‘Mahallemdeki binaların temizliğine de gidiyorum’
KHK ile taşerondan kadroya geçen hastane işçileri sorunları çözülmedi. Özellikle doğal gaz, elektrik ve su faturaları işçileri bir hayli mağdur etmiş durumda. Bu kış daha fazla zorlandıklarını anlatan işçiler, ek işlerle geçimlerini sağlamaya çalışıyor. Hastanede çalışan bir temizlik işçisi, “Aldığım maaş yetmiyor. Mahallemdeki binaların temizliğine de gidiyorum. Gitgide hayat zorlaşıyor, özellikle faturalara gücümüz artık yetmiyor” diyor.
‘ŞEHİR HASTANESİ UZAK DİYE İÇİN BURAYA GELİYORLAR’

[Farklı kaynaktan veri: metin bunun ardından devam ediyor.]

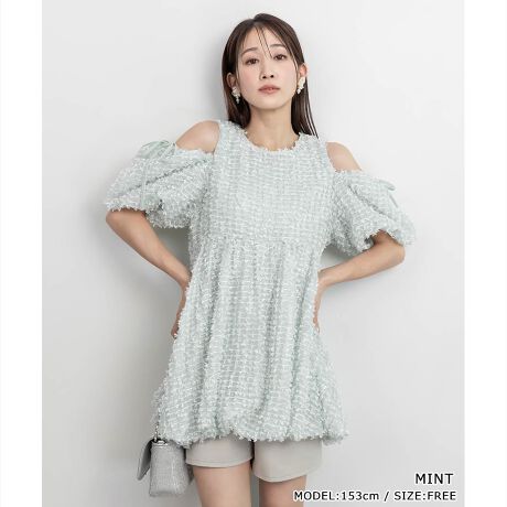 フリンジのデザイン生地とふんわり広がるバブルヘムディティールが、旬なスタイルに導いてくれる一着です。

Yaklaşık 20 yıldır hastanede çalıştığını belirten bir işçi, “Hastalar 182’den randevu alıyor. Ancak bu yeterli olmuyor. Sabah çok erken saatlerde, daha mesai saati bile gelmeden hasta kuyrukları oluşuyor. Doktorlar da sınırlı sayıda kişiyi muayene edebiliyor. Biz de az kişiyle çok işi yapmaya çalışıyoruz. Çok yoruluyoruz, iş yükümüz çok arttı. Şehir hastanelerine ulaşım çok zor olduğu için hastalar merkezdeki kalan hastanelere geliyor. Bizim başımızdaki amirler de sürekli tepemizde baskı yapıyorlar. Yorulup iki dakika dinlenmek için oturduğumuzda bile başımıza dikilip hesap soruyorlar. Ayrıca hastalarla ilgilenirken, bir yandan da kendimizi amirlerin ayak işlerini yaparken de buluyoruz” ifadelerini kullandı. Geçen ay bir ev kirası kadar doğal gaz faturasının geldiğini belirten işçi, “Kira, faturalar, okuyan çocukların masrafı... Evde iki kişi çalışmamıza rağmen yetmiyor” dedi.
‘MİGRENİM TEKRAR ETTİĞİ İÇİN ACİLLİK OLUYORUM’
Başka bir işçi ise sürekli masa başında olması gerektiği için ve hastalarla yakın temas içinde olduğundan sağlık sorunları yaşadığını ifade ederken, “Migrenim sürekli tekrar ediyor ve çalışırken çok zorlanıyorum. İşi yapamaz hale geliyorum. Kendimi bir anda acillik bir halde buluyorum, ağrı kesici iğnelerle çalışmak zorunda kalıyorum. Bu kadar yoğun tempo yüzünden bunlar yaşanıyor. Sağlık sistemi giderek kötüleşiyor” dedi.
Emekli olmasına birkaç yıl kalan temizlik işçisi bir kadın ise gece vardiyasında çalıştığını, az bir uykunun ardından mahallede bina temizliğine gitmek zorunda kaldığını söyledi. İşçi, “Geçim sıkıntısı çok zor. Aldığım maaş yetmiyor. Mahallemdeki binaların temizliğine de gidiyorum. Çocuklarımı okutmak zorundayım, babaları hayatta değil. Bütün yük benim omuzlarımda. Gitgide hayat zorlaşıyor, özellikle faturalara gücümüz artık yetmiyor” ifadelerini kullandı.
‘ÇOCUĞUMA HARÇLIK VEREMİYORUM’
Yaklaşık on yıldır çalışan bir kadın işçi ise “Kadroya geçmemizin hiçbir faydası olmadığını iki yıldır yaşayarak öğrendik. Çalışma koşulları daha da kötüye gidiyor. Kazanılmış haklarımızı kaybediyoruz. Önümüzdeki dönem imzalanacak sözleşmede de yine ileriyi göremiyoruz. Geçim sıkıntısı en büyük sorunumuz. Ben bu kadar yıldır tüm kazandığımı çocuğum için harcamaya çalıştım. Onun geleceğini hep düşündüm. Ama eğitim de paralı olduğu için masrafımız çok artıyor. İyi bir üniversite kazanması için özel kurslara göndermemiz gerekiyor ama gönderemiyoruz. Çocuğuma harçlık veremiyorum, verdiğim zaman ise neredeyse önceden verdiğimin yarısı kadar verebiliyorum. Bunun sebebi faturaların sürekli artarak gelmesi ve iğneden ipliğe gelen zamlar. Ayrıca eşimden bugüne kadar para istemezdim ama şimdi onun eline bakar hale geldim” dedi.